● DATA SHOWN:
________________________________________

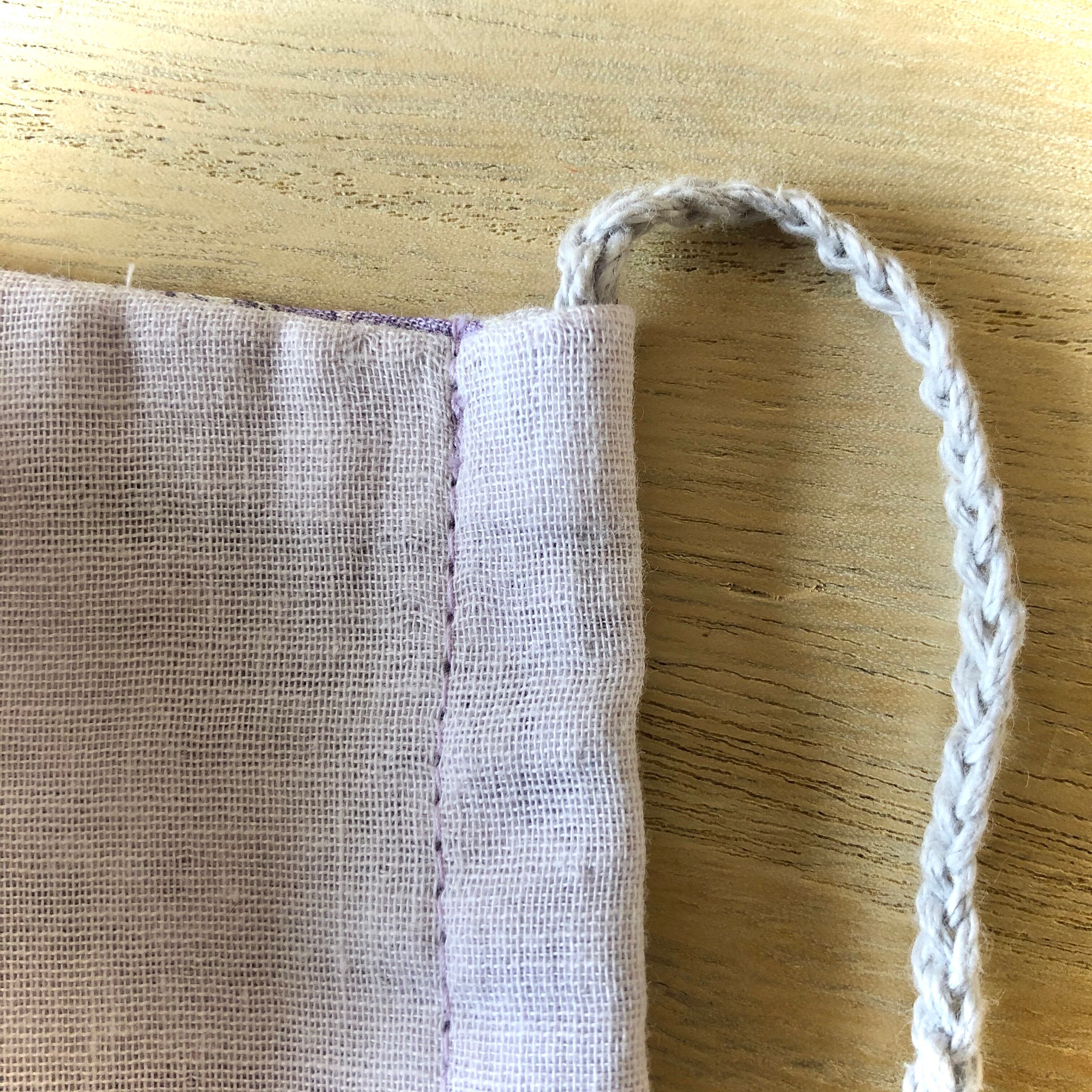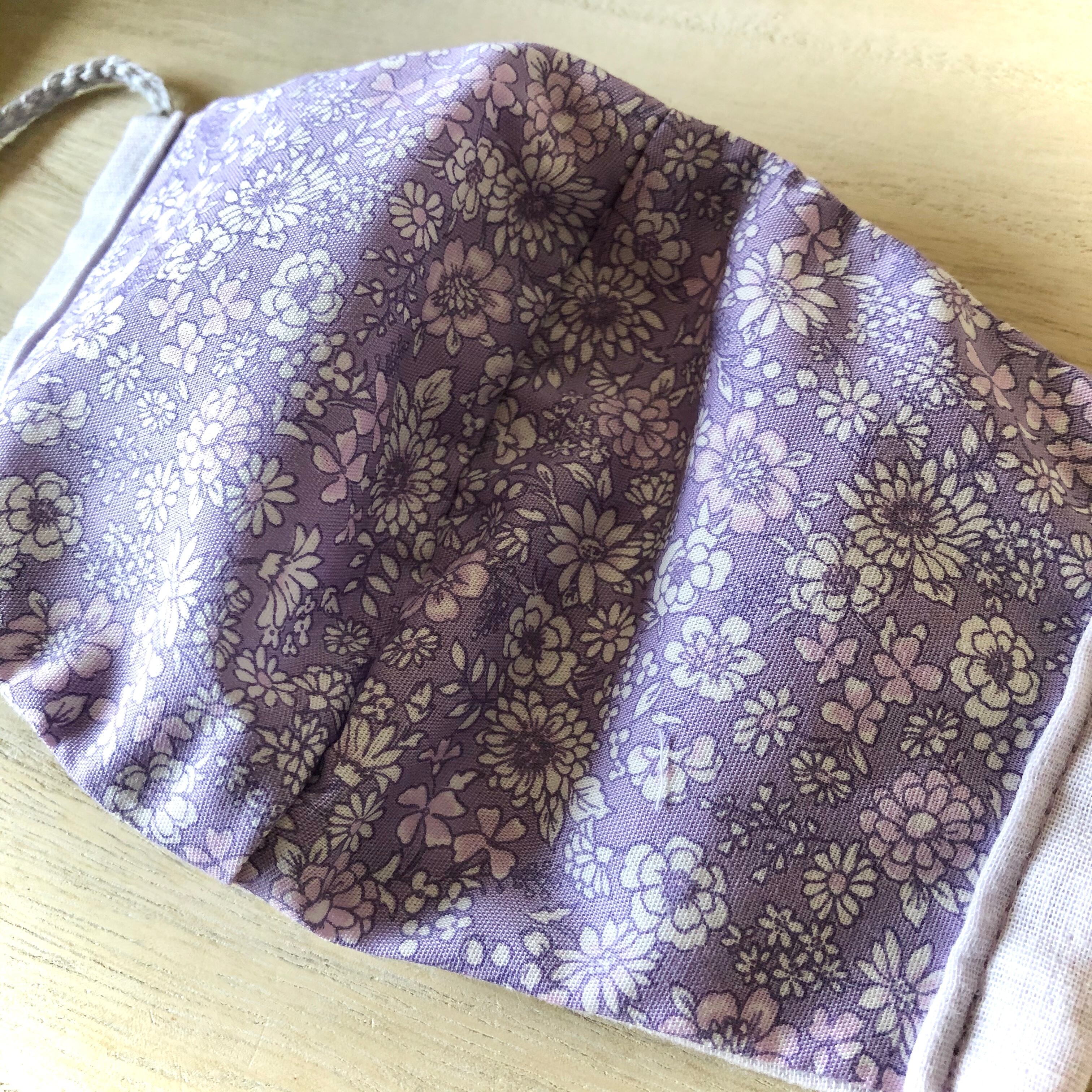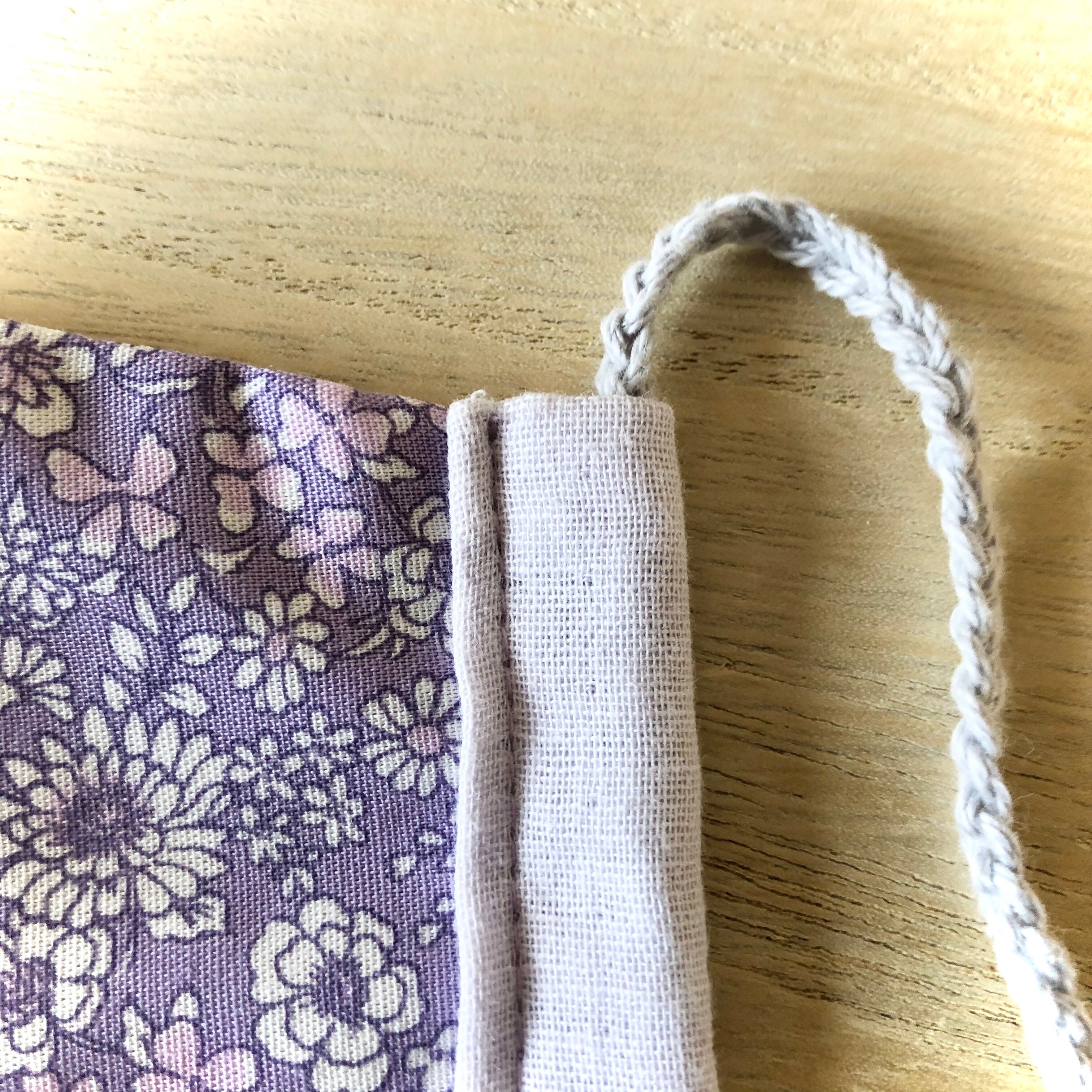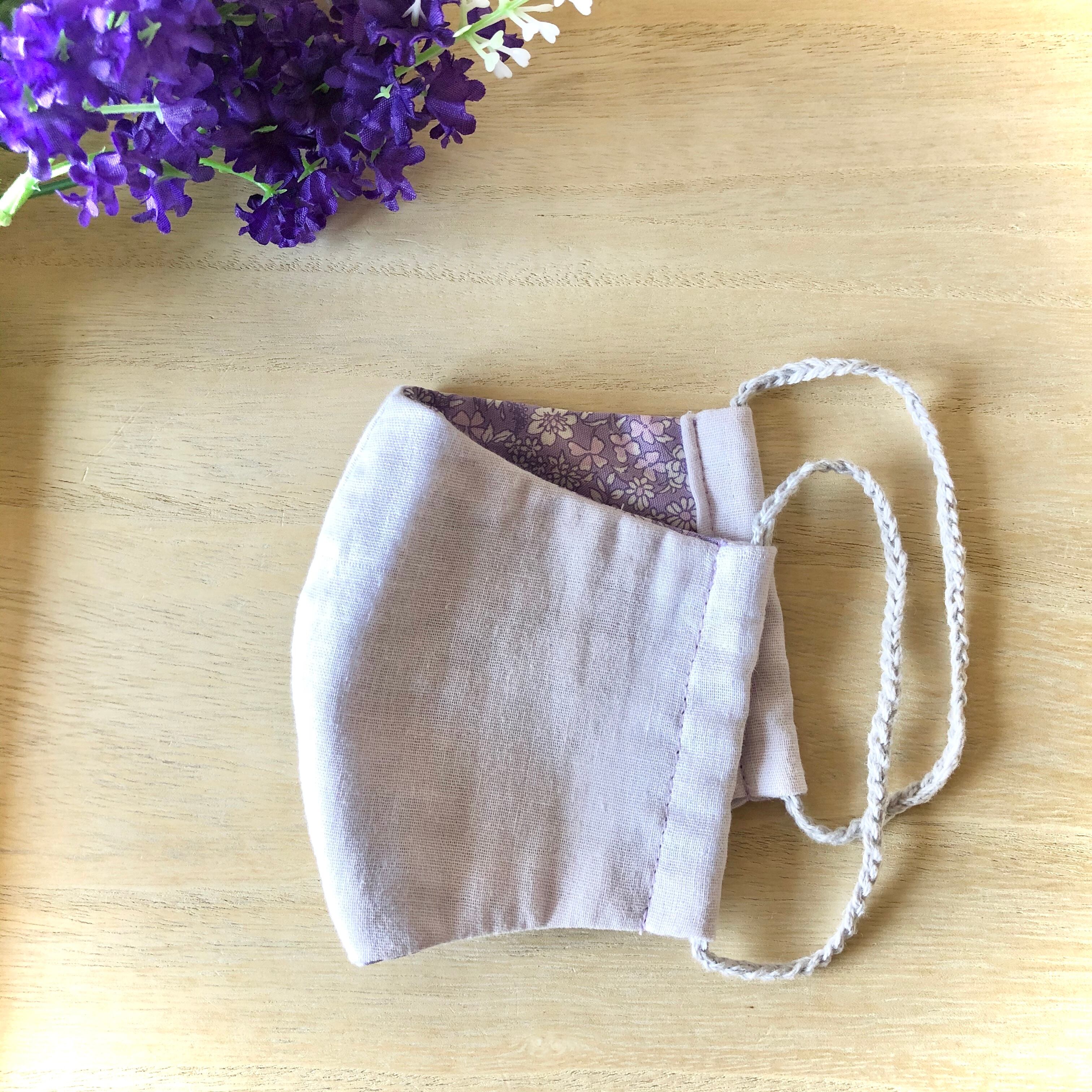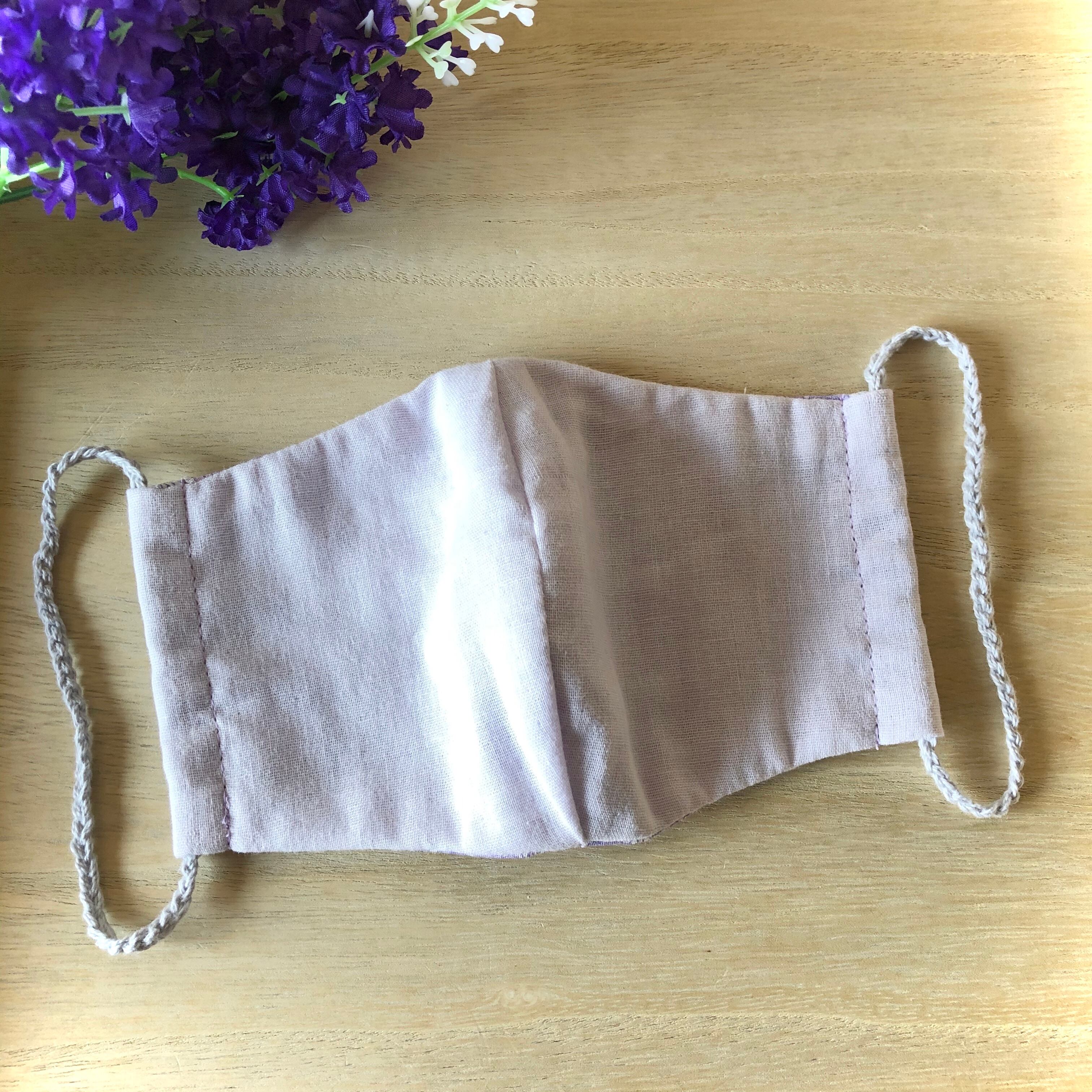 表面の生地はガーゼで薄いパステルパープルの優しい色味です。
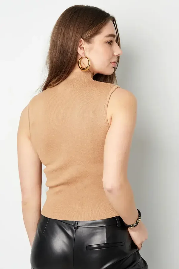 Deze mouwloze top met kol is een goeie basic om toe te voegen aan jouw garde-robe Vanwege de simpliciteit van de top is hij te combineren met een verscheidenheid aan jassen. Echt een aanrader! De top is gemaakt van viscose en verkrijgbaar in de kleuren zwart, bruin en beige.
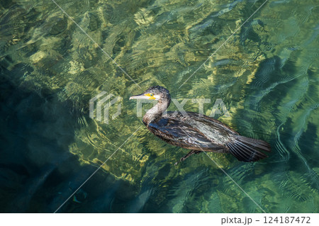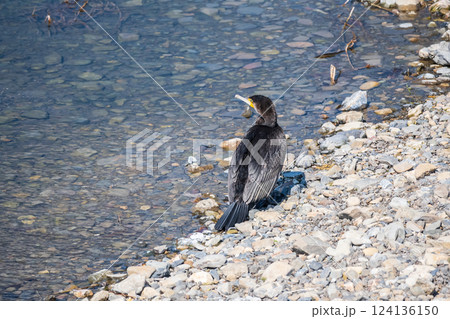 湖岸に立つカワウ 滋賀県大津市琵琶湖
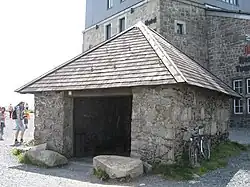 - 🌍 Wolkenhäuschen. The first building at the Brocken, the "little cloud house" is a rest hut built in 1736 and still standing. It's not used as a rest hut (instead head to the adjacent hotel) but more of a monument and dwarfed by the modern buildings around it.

________________________________________

● EXERCISE BRIEF: The required output is the line containing "湖岸に立つカワウ 滋賀県大津市琵琶湖" plus every line after it to the end of the data, copied exactly and with no pictures.

● ANSWER BELOW:
 湖岸に立つカワウ 滋賀県大津市琵琶湖
 - 🌍 Wolkenhäuschen. The first building at the Brocken, the "little cloud house" is a rest hut built in 1736 and still standing. It's not used as a rest hut (instead head to the adjacent hotel) but more of a monument and dwarfed by the modern buildings around it.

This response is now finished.